On to the things I did like. The actors, despite having to work against the amplification, were all strong. Ben Huber showed Peer's uncertainty and longing as well as his headstrong fantastical ways, and moved convincingly from wild boy to cynical man. Rose Portillo as his mother captured Ase's love for and frustration with and complaining about and defense of her wayward boy. In addition to the ones I've already named, there was also good work by Jesse Merlin as Solveig's Father and the Troll King, Brian Ruppenkamp as the Brat and the Lean One, Mark Deakins as the Boyg and the Button-Molder, Janice Lancaster Larsen as Ingrid, and Keith Perry, Alexandra Sessler, and Dianne M. Terp as wedding guests.

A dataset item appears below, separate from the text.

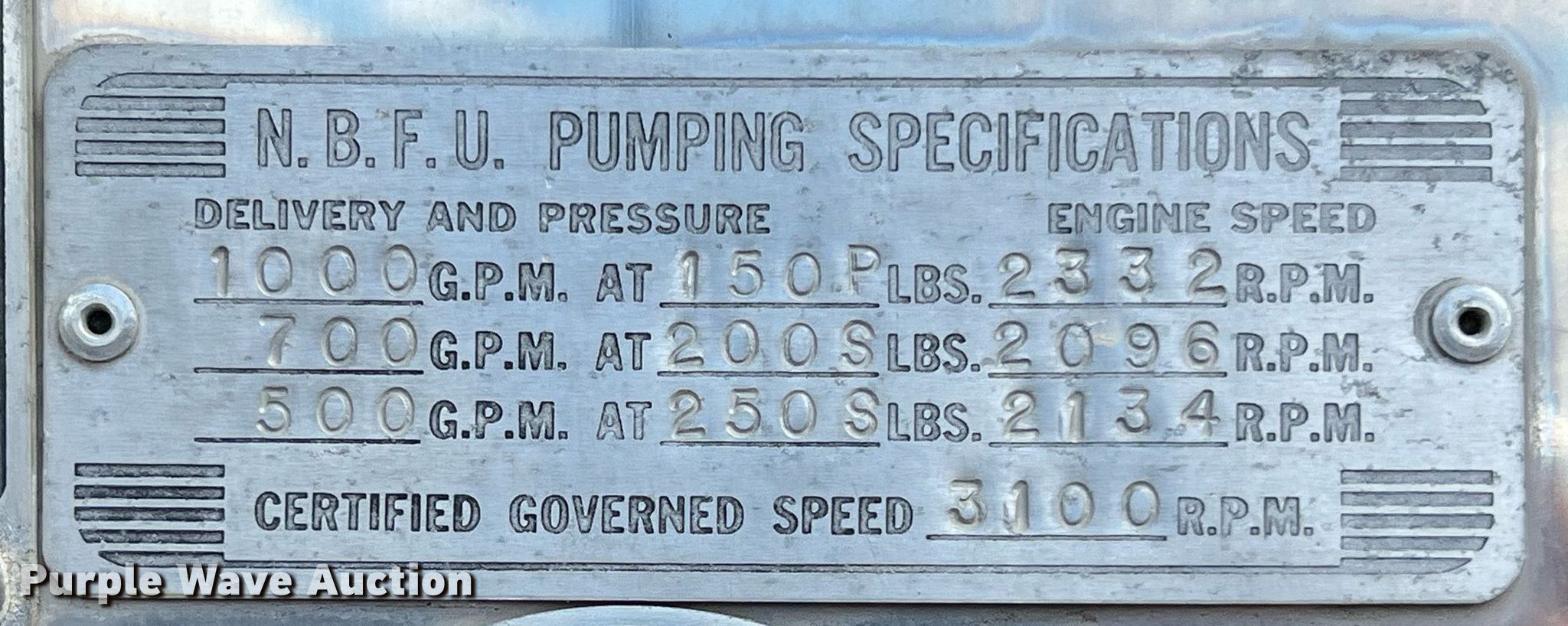 1970 American LaFrance pumper fire truck. Miles: 19,908 on odometer, Actual mileage unknown, VIN: 511997. Engine Cylinders: 6, Fuel type: Gas. Transmission Manual, Speed: 5. Chassis Axles: Single, Suspension: Spring, Brakes: Hydraulic. Interior Heat. Features Fire truck body Tank, Pump 1,000 gpm, Ground ladder. Tires Size: 9.00-20. Notes Non-operational unit. Texas title. Title distribution may be delayed up to 14 days from verification of funds. City of New Braunfels. New Braunfels, TX 78130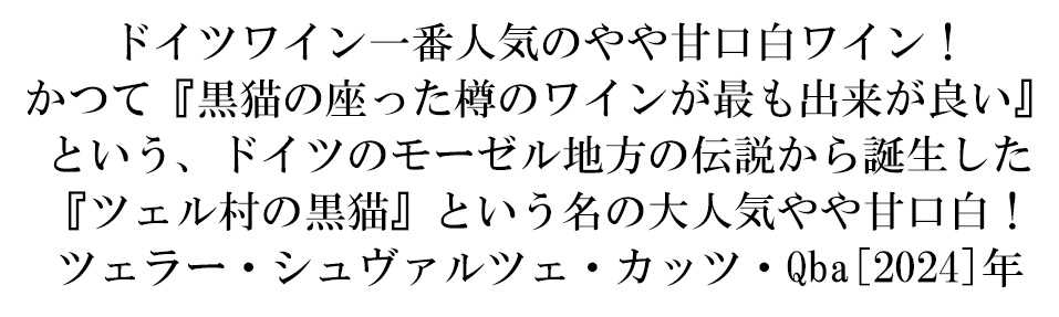 おしゃれなロイヤルブルーボトルのツェラー・シュヴァルツェ・カッツ・QbAはソフトな口当たりとすがすがしい香りで、ビギナーから飲み慣れた方まで幅広くお楽しみいただけます!モーゼル河下流域のツェル村の粘板岩の畑からリースリング種、ミュラートゥルガウ種、ケルナー種から生まれたこのワインは果実の持つ自然な甘さとキリッとした酸味が特徴で、フルーティな味わいが多くの人に愛されています!

James Darrah was director and production designer, and Adam Larsen was video designer.
I loved the chance to hear so much of the possible Peer music; I knew the Grieg but not the others. It was always immediately clear which of the three composers was being performed, and that eclecticism is very much in the spirit of the play. I loved Schnittke's eerie vaporous Boyg music. Grieg's Morning Mood sounded as fresh and lovely as sunrise on a spring meadow, the way it was meant to sound before it became a cartoon signifier of spring dawn. It was great to hear the Hall of the Mountain King with chorus. I loved the vast irregular white shape on which the projections were shown; it looked like both mountains and mist. The projections themselves were striking and well done, moving from black-and-white to color and from church interior to lush forest to vast ocean and many points in between. The long narrow stage space was used well, with the occasional addition of action up the aisles.
Mostly, I just really love that they did this at all.